What would an app have on it that would be useful?

I took a casual look at the stuttering apps that are available through the Apple App Store. I didn’t download or try any of them, but I don’t think I will anyway. What I was more interested in in a capture application. Something that would gather data on my stuttering and let me know overall if things are getting worse, the same or better.

Of course there was an Apple event the other day, and they’ve updated their site to include this.

I’d been thinking for the past few weeks — what would I really want a stuttering app to look and feel like? Here are my thoughts:

First screen would simply have two choices — before and after. The app’s goal is to capture your …angst? … before and/or after the stuttering.

So if you choose “before,” then you’d get a few more simple choices.

How long until the speaking engagement?
What type — in person, phone.
If it’s in person, is it one-to-one, small group, large group
If it’s on the phone, is the person very familiar, somewhat familiar, or a cold call?
What’s the objective of the call? To ask for information on a subject, or resolution to something? (like calling the cable company about a messed-up bill).

And the same could be built up for a person — familiarity, purpose.

Then maybe it’d ask what would happen if you stutter in a big way.
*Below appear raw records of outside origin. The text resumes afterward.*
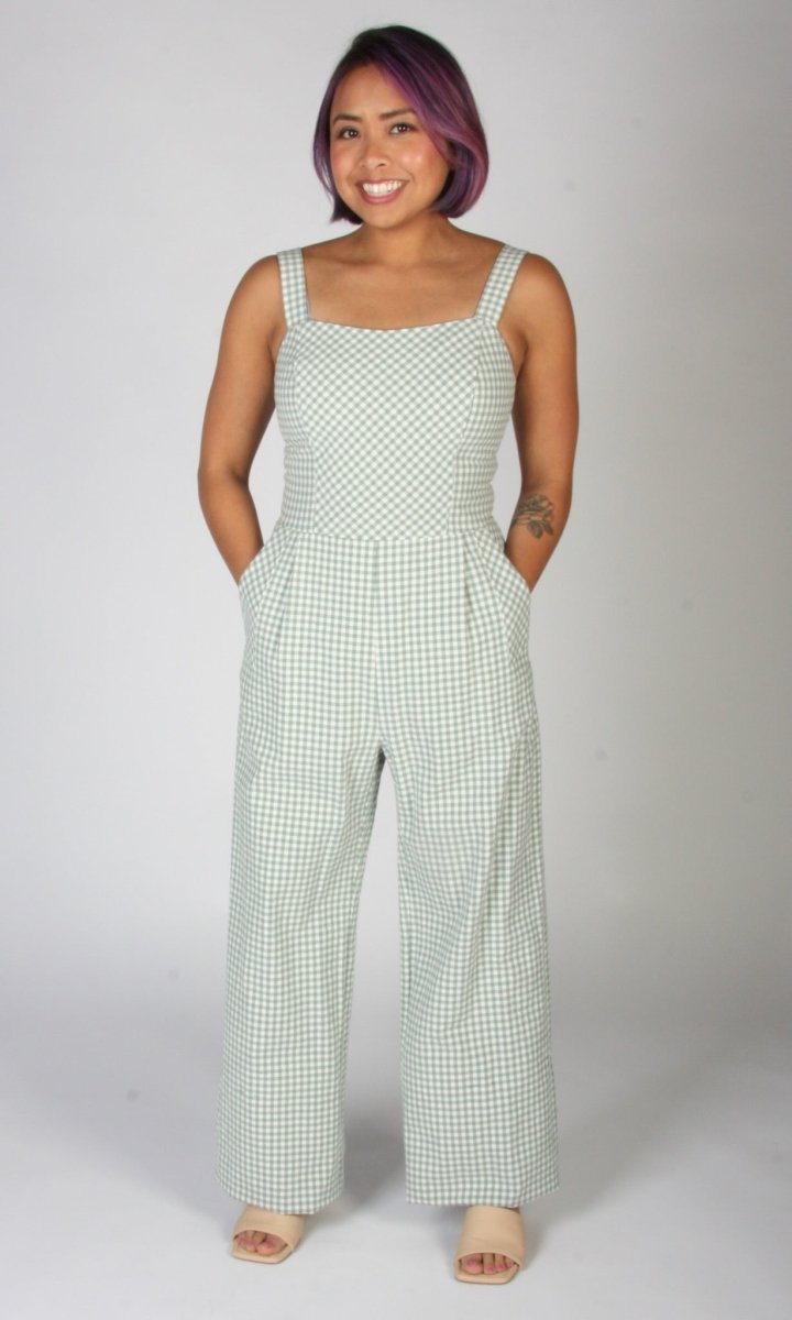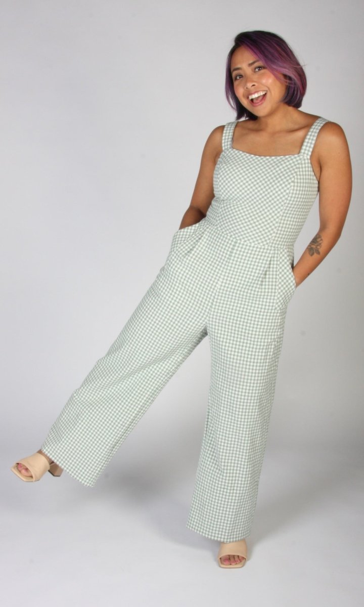Birds of North America Roadrunner Jumpsuit (Sage Gingham)
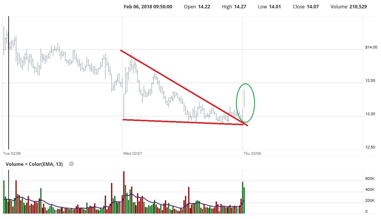 JNUG – When GOLD was GREEN at the open, GDXJ Gapped down & recovered. Then as GOLD sold off down $15, GDXJ slowly dropped back down, but only to its former morning lows, a double bottom on light volume & formed a wedge. I said in the comments section that I was going to buy JNUG at that double bottom ($13 with a semi tight stop). I drew this chart.
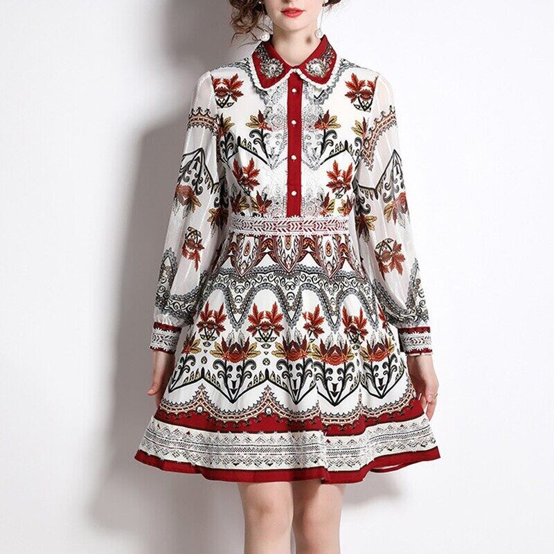 Pinkoz 女性デザイナーフラワープリントパッチワークレースシングルブレストミニドレスパーティーフルスリーブ秋冬ドレス vestidos ピンク オータム 秋物 ウィンター 冬物 フラワーデザイン

For the “after,” you might be able to log the same information as above, and then on a scale how much you stuttered, and how much you think it affected the outcome. And if you’ll have to go back.

Obviously it all needs some refinement, but those are my initial thoughts. Maybe I’ll try to map it out in a few days. Then see about building an app to start collecting data.

I’d like to think that after several months of data capture, those of us who stutter could see that we spend a lot of time worrying about speaking when it’s probably not warranted. And that the other person probably isn’t bothered too much.

Stuttering and Path

I’ll admit that when it comes to the latest apps and programs, I’m not up to date. That’s mostly to do with living in Saudi — we don’t exactly have things like Groupon here, and the shop down at the corner only takes cash — they probably won’t care about Apple Pay any time soon.

That being said, I do try to keep up with what’s going on back home. I read this with some interest about Path via daringfireball.

From the site:

We’re thrilled to announce Path Talk 1.1, with the goal of giving you a new super-power: putting the power of a personal assistant in the palm of your hand. It’s called Places, and it lets you interact with any local business. No phone call needed.

Places gives you the power to message your favorite local businesses to request appointments, make reservations, or even check out prices and hours. It’s all by text. And it’s all for free.

Um … wow. Ok then. This really ties up well with my recent post about a day without stuttering.

I’ll be honest, I don’t use Path right now for anything. And probably won’t while I’m still here in Saudi … I have messaging apps and Facebook that are working ok. But that being said, this sort of thing blows me away from a stuttering standpoint.

I mean, I won’t have to call a local business to … interact with them and ask them stuff?! Seriously?! Yes, there is a lot of information already online, but like they say, making reservations and whatnot can’t always be done via the web. And then the next point in this is having an online assistant making phone calls for you.

I’m not so sure my life would be so busy that I’d need something like this. But it’s only the beginning. Soon we’ll be able to text power companies and credit card companies… and the pizza place… and maybe even the fast food restaurant…

Which brings me to (assuming I move back to the States) do I download and start using this because it’s new and cool and useful and saving me time, or am I doing it because it’s a few less people who I have to talk to (and not stutter with?). Or is this something I can use (or a stuttering patient could use) little by little to help with certain hard situations — eventually weaning themselves off?